Exercise brief
Transcribe exactly everything in the data below from the line containing "Manifattura itliana Piatto" down to the line containing "1990s Pair of", both lines included and nothing further.

Provided data
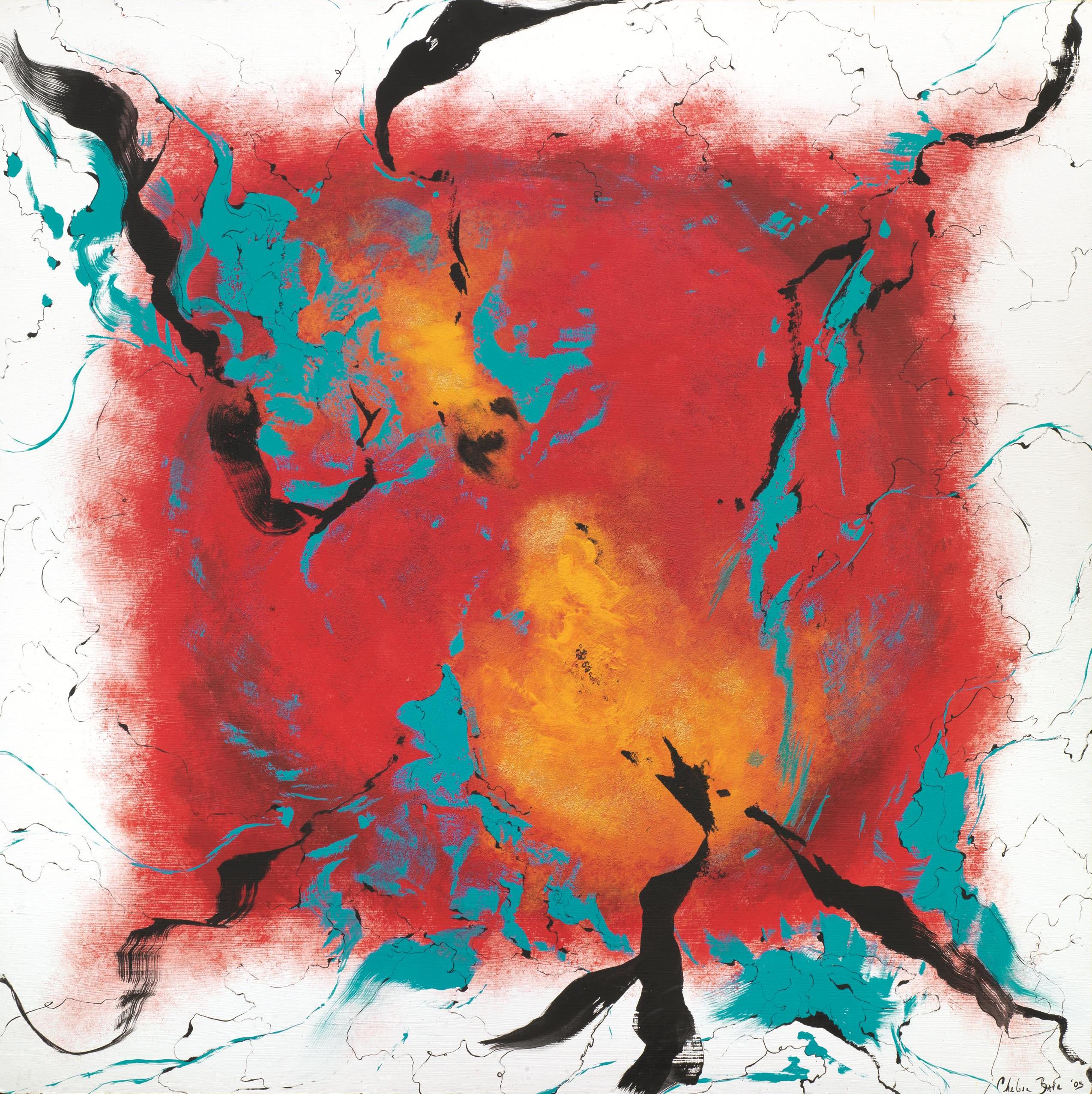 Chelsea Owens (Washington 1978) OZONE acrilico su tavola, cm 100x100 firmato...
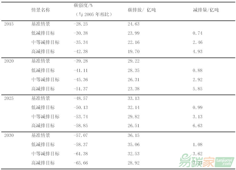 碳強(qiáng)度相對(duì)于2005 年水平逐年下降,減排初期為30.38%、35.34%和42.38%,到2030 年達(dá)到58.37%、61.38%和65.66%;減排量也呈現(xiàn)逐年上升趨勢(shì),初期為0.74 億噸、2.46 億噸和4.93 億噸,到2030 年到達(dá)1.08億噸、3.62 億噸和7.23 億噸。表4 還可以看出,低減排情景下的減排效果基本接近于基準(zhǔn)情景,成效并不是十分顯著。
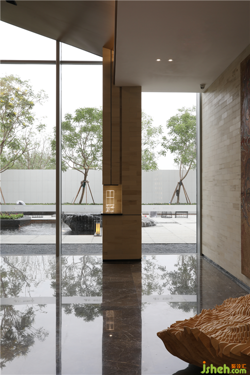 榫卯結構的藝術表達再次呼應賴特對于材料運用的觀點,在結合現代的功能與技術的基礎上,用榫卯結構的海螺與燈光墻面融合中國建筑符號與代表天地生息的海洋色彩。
...
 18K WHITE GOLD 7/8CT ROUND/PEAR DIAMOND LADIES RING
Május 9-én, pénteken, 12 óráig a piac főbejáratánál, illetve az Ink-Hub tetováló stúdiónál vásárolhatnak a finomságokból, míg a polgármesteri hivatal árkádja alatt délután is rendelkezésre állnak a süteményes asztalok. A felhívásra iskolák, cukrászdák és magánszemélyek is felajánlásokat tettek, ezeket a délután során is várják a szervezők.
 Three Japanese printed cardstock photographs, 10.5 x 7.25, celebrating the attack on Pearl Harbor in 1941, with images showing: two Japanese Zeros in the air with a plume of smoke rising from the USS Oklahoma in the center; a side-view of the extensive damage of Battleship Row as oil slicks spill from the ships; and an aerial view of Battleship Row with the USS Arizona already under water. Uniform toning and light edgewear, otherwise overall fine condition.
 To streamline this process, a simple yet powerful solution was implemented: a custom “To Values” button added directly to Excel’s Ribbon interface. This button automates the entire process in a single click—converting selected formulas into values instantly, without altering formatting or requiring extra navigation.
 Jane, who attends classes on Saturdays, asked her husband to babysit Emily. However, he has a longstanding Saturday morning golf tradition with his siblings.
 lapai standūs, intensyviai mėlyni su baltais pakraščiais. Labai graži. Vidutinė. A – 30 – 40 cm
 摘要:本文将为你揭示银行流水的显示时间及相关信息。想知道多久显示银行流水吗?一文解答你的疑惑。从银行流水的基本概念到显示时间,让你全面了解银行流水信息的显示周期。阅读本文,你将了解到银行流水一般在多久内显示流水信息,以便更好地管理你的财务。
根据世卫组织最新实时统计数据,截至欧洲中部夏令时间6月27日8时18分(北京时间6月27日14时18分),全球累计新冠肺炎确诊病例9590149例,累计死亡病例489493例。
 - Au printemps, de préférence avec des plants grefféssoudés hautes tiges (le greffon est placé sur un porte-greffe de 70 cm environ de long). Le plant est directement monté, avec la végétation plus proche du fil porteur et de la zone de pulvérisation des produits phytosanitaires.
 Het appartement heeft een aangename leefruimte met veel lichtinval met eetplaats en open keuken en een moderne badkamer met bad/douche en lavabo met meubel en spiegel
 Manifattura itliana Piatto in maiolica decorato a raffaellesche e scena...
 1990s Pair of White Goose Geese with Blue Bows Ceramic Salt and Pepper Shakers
...
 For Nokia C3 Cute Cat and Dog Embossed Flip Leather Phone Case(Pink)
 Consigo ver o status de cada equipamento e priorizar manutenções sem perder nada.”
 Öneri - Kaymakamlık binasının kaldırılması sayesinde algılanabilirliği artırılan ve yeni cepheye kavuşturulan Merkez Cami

Reply to the exercise
 Manifattura itliana Piatto in maiolica decorato a raffaellesche e scena...
 1990s Pair of White Goose Geese with Blue Bows Ceramic Salt and Pepper Shakers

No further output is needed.